** INFORMATION SUPPLIED **

[Start of section]

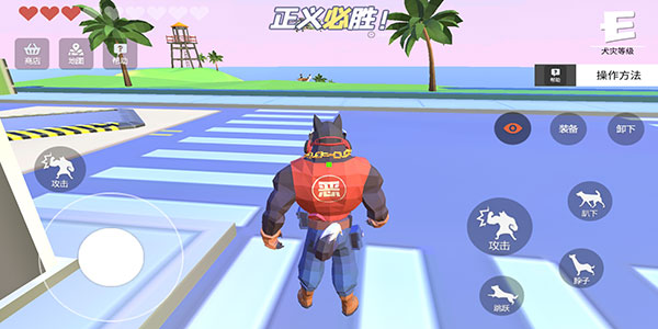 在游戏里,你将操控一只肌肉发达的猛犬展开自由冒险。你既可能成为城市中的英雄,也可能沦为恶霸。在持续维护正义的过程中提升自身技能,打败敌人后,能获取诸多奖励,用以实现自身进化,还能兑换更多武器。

[End of section]
[Start of section]

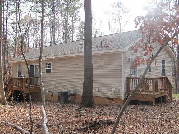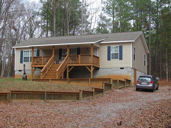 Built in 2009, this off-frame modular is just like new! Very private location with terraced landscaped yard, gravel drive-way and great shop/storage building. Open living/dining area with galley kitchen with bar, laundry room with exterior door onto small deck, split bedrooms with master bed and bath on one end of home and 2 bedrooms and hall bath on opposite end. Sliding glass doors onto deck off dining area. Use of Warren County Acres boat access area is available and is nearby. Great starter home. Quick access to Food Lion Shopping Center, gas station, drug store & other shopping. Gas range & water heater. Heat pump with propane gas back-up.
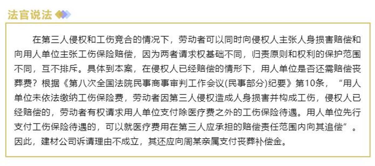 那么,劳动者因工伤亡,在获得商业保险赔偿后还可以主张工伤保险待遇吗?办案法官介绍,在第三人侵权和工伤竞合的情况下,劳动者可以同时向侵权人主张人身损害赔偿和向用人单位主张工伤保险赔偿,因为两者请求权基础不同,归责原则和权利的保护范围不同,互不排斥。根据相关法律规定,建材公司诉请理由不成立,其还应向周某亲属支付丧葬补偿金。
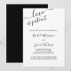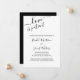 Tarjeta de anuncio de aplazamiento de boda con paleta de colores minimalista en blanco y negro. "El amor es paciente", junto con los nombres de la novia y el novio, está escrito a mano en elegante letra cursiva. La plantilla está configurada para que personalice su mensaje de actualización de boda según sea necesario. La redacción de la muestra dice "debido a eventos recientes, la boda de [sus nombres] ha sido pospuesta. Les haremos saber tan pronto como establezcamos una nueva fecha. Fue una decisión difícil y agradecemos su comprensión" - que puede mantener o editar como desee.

[End of section]
[Start of section]

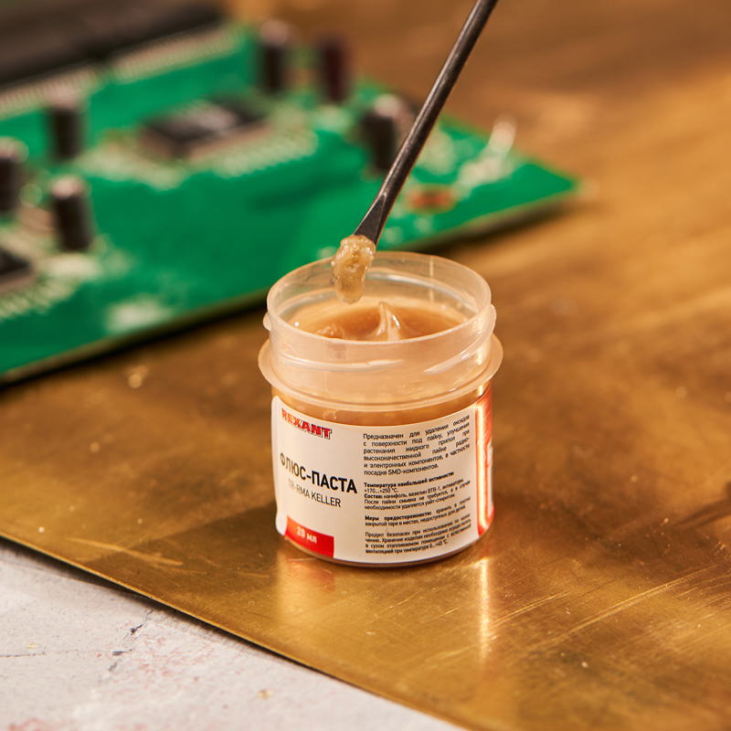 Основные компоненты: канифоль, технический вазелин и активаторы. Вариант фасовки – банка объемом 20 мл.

[End of section]

** WORK INSTRUCTION **
I'd like the lines above repeated exactly, from the one that contains "那么,劳动者因工伤亡,在获得" through the one that contains "Tarjeta de anuncio", with no pictures.

** FINISHED EXERCISE **
 那么,劳动者因工伤亡,在获得商业保险赔偿后还可以主张工伤保险待遇吗?办案法官介绍,在第三人侵权和工伤竞合的情况下,劳动者可以同时向侵权人主张人身损害赔偿和向用人单位主张工伤保险赔偿,因为两者请求权基础不同,归责原则和权利的保护范围不同,互不排斥。根据相关法律规定,建材公司诉请理由不成立,其还应向周某亲属支付丧葬补偿金。
 Tarjeta de anuncio de aplazamiento de boda con paleta de colores minimalista en blanco y negro. "El amor es paciente", junto con los nombres de la novia y el novio, está escrito a mano en elegante letra cursiva. La plantilla está configurada para que personalice su mensaje de actualización de boda según sea necesario. La redacción de la muestra dice "debido a eventos recientes, la boda de [sus nombres] ha sido pospuesta. Les haremos saber tan pronto como establezcamos una nueva fecha. Fue una decisión difícil y agradecemos su comprensión" - que puede mantener o editar como desee.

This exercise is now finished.